1. This error is thrown because the query was not executed correctly, before entering While(..) {...} , check the result returned:

if($sql === FALSE) {
    // Consulta falhou, parar aqui 
    die(mysqli_error());
}

Follow the below code

$sql = mysqli_query($conexao, "SELECT diasvip FROM login WHERE userid = '".$_POST['userid']."'");
if($sql === FALSE) { 
   die(mysqli_error());
}

while($exibe = mysqli_fetch_assoc($sql)){
  echo "<div class='alert alert-success' role='alert'>Dias Vip do Usuário: ".$exibe['diasvip']."</div>";  
}
mysqli_close($conexao);

 

  1. This error happens when your query returns an error, to debug it, create a variable with the sql print it, and test it directly on the database, also enable errors when executing the query with mysqli_error

$str_consulta = "SELECT diasvip FROM login WHERE userid = ".$_POST['userid']);
echo $str_consulta;
$sql = mysqli_query($conexao, $str_consulta)  or die(mysqli_error($db));

 

  1. The return value of mysql_query is a mixed type. It is a boolen value or a resource upon success for specific query types.

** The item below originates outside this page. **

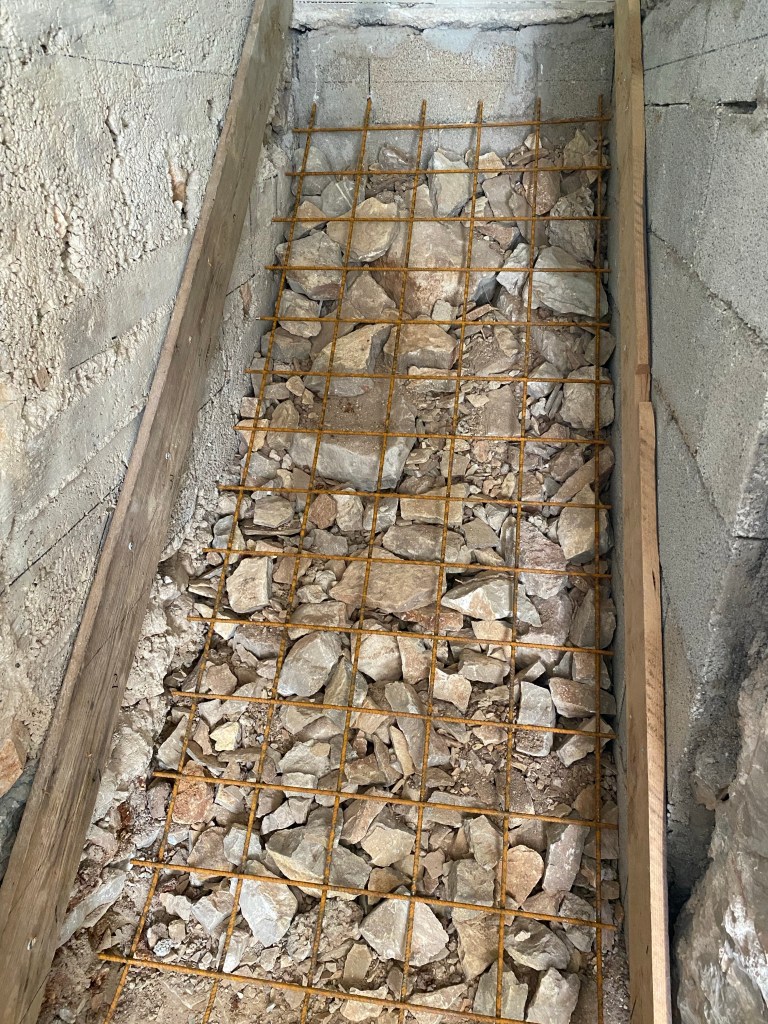 Ons huis is gebouwd op rotsen, wat voor hier overigens normaal is. Er is een gat uitgegraven en toen zijn er rotsblokken los onder het huis gegooid. Daar overheen is een vloer gecreëerd.

Check the return value before fetching results:

if ($query = mysql_query($sql)) {
    while ($users=mysql_fetch_assoc($query)){
        // ...
    }
} else {
    // Report error
}
  1. This happens when your result is not a result (but a "false" instead). You should change this line

$sql = 'SELECT * FROM $usertable WHERE PartNumber = $partid';

To This

$sql = "SELECT * FROM $usertable WHERE PartNumber = $partid";

because the " can interprete $variables while ' cannot.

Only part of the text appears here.